# cannot access website



## doomgiver (Mar 1, 2011)

hello ppl.
i am unable to access a certain website.

alpha.astroempires.com/
astroempires.com/
forum.astroempires.com/

these guys had a massive ddos attack last week, so they installed something to block it off.
the site is up now, and everyone can use it, except me. i can still access it using proxies, like ninjacloak.(but it is severely crippled)

i talked with them, and they confirmed that they were not blocking my ip from their end, and advised me to do this :

If you're experiencing difficulties accessing our game servers, it could be because your ISP is blocking our IPs or you are being blocked by our DDoS proxy. It could also that your IPS hasn't updated their DNS, but this is more remote since enough days have passed for them to update properly.
Here's a few suggestions on how to try and overcome this:
- Reset your internet connection (modem/router) to try and force it to update the DNS information.
- Update your browser to the latest version or try using a different browser.
- Check your computer for spyware/malware and clean it. You can use free tools such as SpyBot, AdAware or Microsoft Security Essentials.

1. how to reset net connection?
i did ipconfig/flushdns
2.used all the latest browsers
3. im almost sure i have no malware/spyware

i have used the site for 2 years now, and nothing like this has ever happened before.

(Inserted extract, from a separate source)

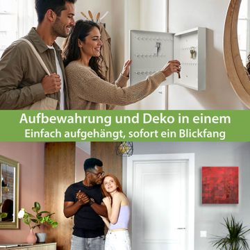 Bringe Ordnung und Eleganz in deinen Eingangsbereich mit dem banjado Schlüsselkasten Motiv Motiv Dreiecke Rot. Die moderne Schlüsselbox kombiniert funktionales Design mit hochwertiger Verarbeitung und wird so zu einem echten Hingucker in Flur, Büro oder Ferienwohnung. ✅ Stilvolle Schlüsselaufbewahrung mit Glasfront im Motiv Motiv Dreiecke Rot Der Design-Schlüsselkasten Motiv Motiv Dreiecke Rot bietet Platz für bis zu 50 Schlüssel, die auf 5 stabilen Reihen mit je 10 Haken übersichtlich verstaut werden. Mit seinen kompakten Maßen von 30 x 30 x 5 cm passt die Schlüsselbox perfekt auch in kleinere Räume. Der weiß lackierte Stahlkorpus mit rechts angeschlagenem Türscharnier harmoniert mit der Glasfront und fügt sich nahtlos in jedes Wohnambiente ein. Ob als Schlüsselorganizer für Zuhause oder als praktische Lösung für Büros, Praxen und Gewerbe, der banjado Schlüsselkasten sorgt für Ordnung und Übersicht. Dank der magnetischen, mit Kreidestiften beschreibbaren Glasfront kannst du Notizen anheften oder Termine direkt auf der Oberfläche festhalten. Die Schlüsselbox Motiv Motiv Dreiecke Rot zur Wandmontage wird inklusive Befestigungsmaterial geliefert und ist schnell angebracht. So hast du deine Schlüssel jederzeit griffbereit und zugleich stilvoll verstaut. Mit diesem banjado Schlüsselkasten Motiv Motiv Dreiecke Rot kombinierst du praktische Aufbewahrung mit stilvollem Wohndesign. Ob privat oder geschäftlich, die Schlüsselbox sorgt für mehr Ordnung, Übersicht und ein wohnliches Ambiente.Vorteile im Überblick

im using airtel broadband 1mbps unlimited plan.
tried it on :
windows vista, mozilla 4,opera 11, google chrome
ubuntu 10.10 maverick, mozilla 3.6, opera 11, midori, epiphany

nothing works. please help me out. this is one of my fav mmo's. i've already put in a good amount of effort into this, and i wouldnt like it to be all gone.


----------



## gameranand (Mar 1, 2011)

I think resetting means removing the plugs of LAN from your PC switching off modem ans starting it again. Or reinstalling OS is simplest solution for me.


----------



## doomgiver (Mar 1, 2011)

as i said before, i've tried it on linux too, it does not work

wow, that seems kinda "nuke the site from orbit"
well, desperate times call for desperate measures


----------



## doomgiver (Mar 5, 2011)

bumping the topic. any networking gurus here?


----------



## asingh (Mar 5, 2011)

How are you connected to the net..?


----------



## ico (Mar 5, 2011)

Change your DNS servers.

Use the following:

208.67.222.222
208.67.220.220
4.2.2.2
4.2.2.1


----------



## doomgiver (Mar 5, 2011)

ico said:


> Change your DNS servers.
> 
> Use the following:
> 
> ...


will that work?
i ran ipconfig, and it shows them as :
202.56.215.54
202.56.215.55
i'll try changing the dns



asingh said:


> How are you connected to the net..?


airtel broadband, by an external modem. no proxy, but i am able to connect to the site by proxy

all other sites open. ALL.


----------



## ico (Mar 5, 2011)

doomgiver said:


> will that work?
> i ran ipconfig, and it shows them as :
> 202.56.215.54
> 202.56.215.55
> i'll try changing the dns


yup, changing the DNS servers should work. Change in the modem's settings page: *192.168.1.1/ if you use PPPoE mode.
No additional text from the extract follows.